As always, first-time attendees are welcome. Light refreshments and snacks will be served. This event is sponsored by the Committee on Japanese Studies at the Center for East Asian Studies.

If you have any questions or require assistance to attend, please contact Jessa Dahl at jdahl@uchicago.edu or Erin Newton at emnewton@uchicago.edu.

November 11 4PM–David Andrew Knight (Co-sponsor with APEA)

David Andrew Knight

“Plain Becomes Patterned: Li Deyu and the White Lotus”

Friday, November 11, 4-6 PM

CEAS 319 (1155 E 60th St)

Discussant:

Yiren Zheng (EALC)

The East Asia: Transregional Histories Workshop, in conjunction with the Art and Politics of East Asia Workshop, is delighted to host David Andrew Knight next Friday, 11/11. Below is a brief abstract of the work:

This paper is part of a larger project that situates the fu 賦 poetry of the ninth century minister Li Deyu 李德裕 (787-850) within the context of his life.
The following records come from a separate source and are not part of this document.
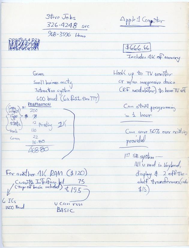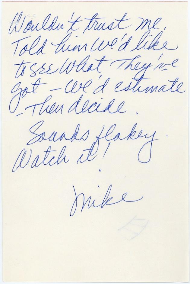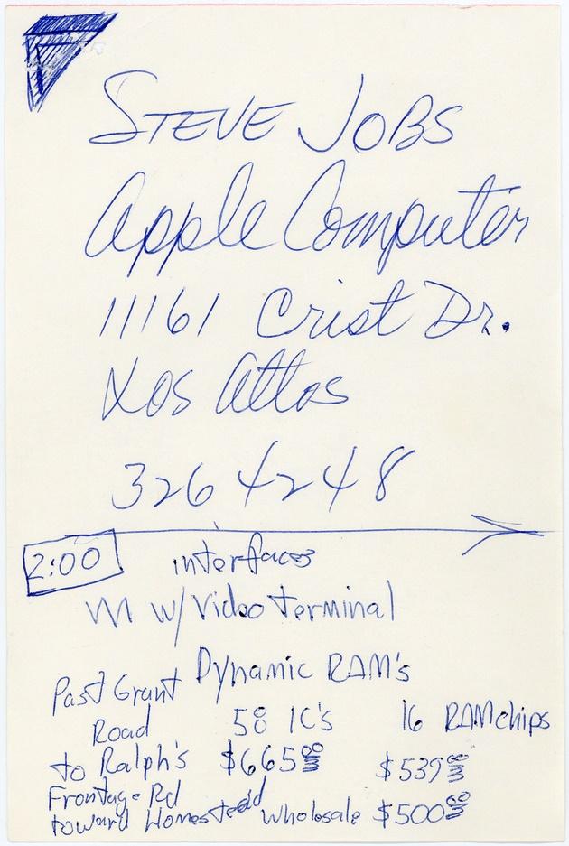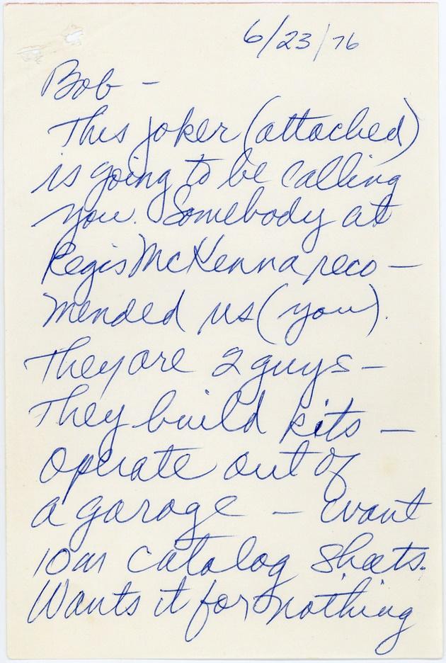 “Regis McKenna的人把我们推荐给他。他们有两个人,产品是电子设备,他们在车库里经营。他们想要我们的目录表。他不肯相信我。我对他说我们要看看他们的产品,然后才能决定。他看上去像个怪人。小心一点!”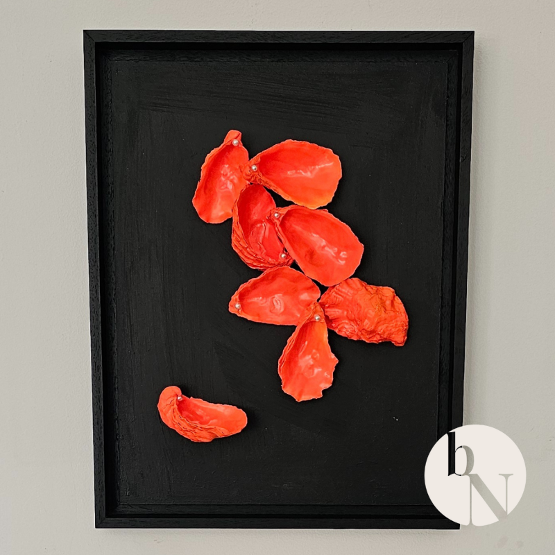 Warm, krachtig en vol beweging. De neonoranje oesters geven dit stuk een vurige uitstraling die je aandacht direct grijpt.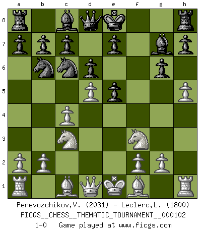 Last move : 1-0 2010 March 8 21:39:28 [Event "FICGS__CHESS__THEMATIC_TOURNAMENT__000102"] [Site "FICGS"] [Date "2010.01.07"] [Round "1"] [White "Perevozchikov,Vjacheslav"] [Black "Leclerc,Luc-Olivier"] [Result "1-0"] [WhiteElo "2031"] [BlackElo "1800"] 1.e4 Nf6 2.e5 Nd5 3.d4 d6 4.Nf3 Nc6 5.c4 Nb6 6.e6 fxe6 7.Nc3 g6 8.h4 Bg7 9.h5 e5 10.d5 1-0 This chess game has been lost on time (started : 2010.01.07 14:14:36) Alekhine's defense : Modern variation Player White won this chess game. Follow this game move after move (download)Nonsense was the last thing Fischer was interested in, as far as Chess was concerned. (Elie Agur) Wie bekannt hörte Morphy 1859 auf, Schach zu spielen. Seine Enttäuschung galt nicht so sehr dem Schach, wie den Schachspielern. (Robert James Fischer) Bobby solo arroja las piezas y solas caen en las casillas correctas. (Miguel Najdorf ) Vouloir jouer aux échecs contre soi-même est aussi paradoxal que vouloir marcher sur son ombre. (Stefan Zweig) The only difference between a tax man and a taxidermist is that the taxidermist leaves the skin. (Mark Twain)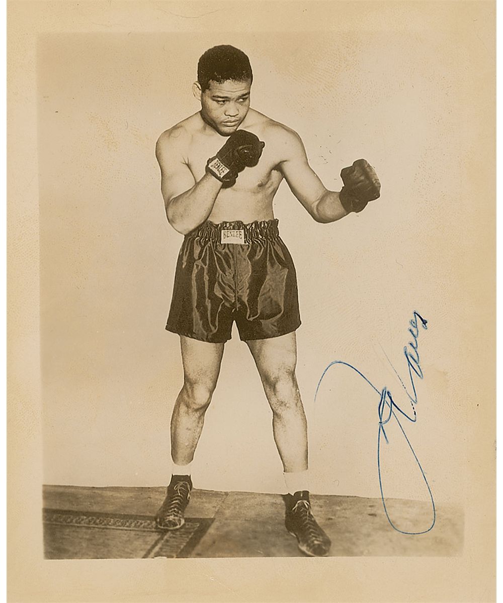 Vintage glossy 4 x 5 photo of Louis posing in Ben Lee boxing gear, signed vertically in fountain pen. A few light creases and irregular adhesion to the signature, otherwise fine condition.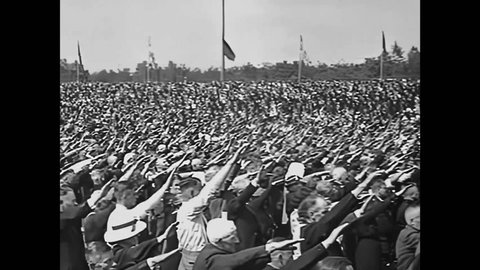 CIRCA 1933 – ベルリンのスポーツ宮殿でドイツの首相としてヒトラーの最初のスピーチの間にナチス敬礼で腕を上げる人々。」の動画素材 ロイヤリティフリー 1096213857Shutterstock。

Through the focal point of a fu poem about a white lotus flower written by Li Deyu, one of the most powerful men of his day, I will demonstrate how this poem captures a retrievable moment of poetic creation. I have discovered that Li Deyu’s fu poem on the white lotus is a literary recreation of his encounter with the fifteen year old Xu Pan who was soon to become his concubine. By analyzing a key stanza in the poem, I will illuminate the links between Li’s literary life and his real life.

The paper can be found at the East Asia: Transregional Histories workshop website at this link. The password is “lotus”. Please do not cite or circulate this paper without express permission of the author.

As always, first-time attendees are welcome. Light refreshments and snacks will be served.